March 06, 2015 | APPEARED IN THE MONTREAL GAZETTE

Budget 2015: Quebec’s twin fiscal challenges require bold action

EST. READ TIME 3 MIN.

Premier Philippe Couillard recently declared that government finances and the economy are his top priorities, stating that “the goal is clear: consolidation of public finances and economic re-launch.” This is laudable.

Whether it’s economic growth, job creation, the unemployment rate, or investment growth, Quebec over the years has generally lagged behind other Canadian provinces and U.S. states. When the economy underperforms, Quebec families lose out on prosperity and economic opportunities.

Quebec’s economic malaise stems partly from shaky government finances—high debt levels and uncompetitive taxes. But it doesn’t have to be this way. The upcoming provincial budget is an opportunity to take bold action and tackle deep-rooted fiscal problems.

Premier Couillard has already taken some initial steps to balance the budget next year (in 2015/16), and if things go as planned, Quebec would end a streak of seven consecutive deficits. But given the magnitude of Quebec’s fiscal challenges, small changes won’t cut it.
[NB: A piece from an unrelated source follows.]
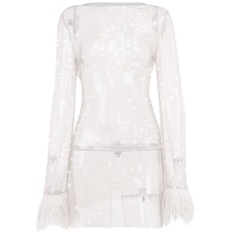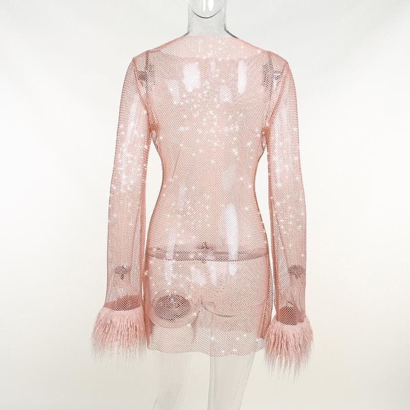 Be the first to review “Long sleeve solid see through sheer mesh fluffy round neck mini dress”

Consider the numbers. In the span of a decade, provincial government debt grew to $181.3 billion in 2013/14, up from $99 billion in 2004/05. This 83 per cent increase in debt dramatically outpaced provincial GDP growth (33.6 per cent), inflation (16.5 per cent), and population growth (8.2 per cent).

Quebec is now, by various measures, the most indebted government in the country. In 2013/14, government debt stood at 50 per cent of GDP—much higher than levels in Ontario, the second most indebted province, where debt totalled 38.4 per cent of GDP.

Quebec’s debt translates into $22,230 for every man, woman and child in the province. That’s $2,512 more per person than in Ontario and more than five times the amount in Saskatchewan, the province with the lowest net debt per person.

There are real economic consequences to all of this. Research from prestigious international organizations—including the IMF, OECD, and European Central Bank—has found that high levels of government debt adversely affect long-term economic performance.

There are short-term consequences, too. Governments, like families, must pay interest on the money they borrow. In 2013/14, the provincial government spent $10.6 billion on debt interest payments. In other words, more than 11 cents of every dollar collected by the government went to debt interest—not the programs Quebecers value (health care, education, daycare, etc.).

Debt interest also leaves less room for tax changes.

In recent years, Quebecers have been hit by an onslaught of tax increases including income taxes, sales tax, payroll taxes (higher QPP rates), health taxes, mining taxes and corporate income taxes. The average Quebec family bears one the heaviest tax burdens in Canada with a total tax bill from the federal, provincial, and local governments consuming 44.7 per cent of income.

The personal income tax system is most in need of reform. A Quebecer earning $50,000 faces the highest provincial income tax rate in the country at over 16.37 per cent—more than twice the provincial rate in British Columbia. For people earning $150,000, the marginal income tax rate (20.97 per cent) is the second highest in the country, only slightly behind Nova Scotia (21 per cent).

Such uncompetitive tax rates make it harder to attract and retain skilled workers and investment. More broadly, they discourage entrepreneurship, economic dynamism and general prosperity.

These are big problems.

But the government’s latest fiscal plan does not include the fiscal room for bold action. Reducing and reforming government spending would free up resources, to reduce government debt and enact tax changes while avoiding further budget deficits.

Premier Couillard is right, in principle, to focus on fixing government finances and reviving economic growth. Hopefully, the upcoming budget takes the right action in practice.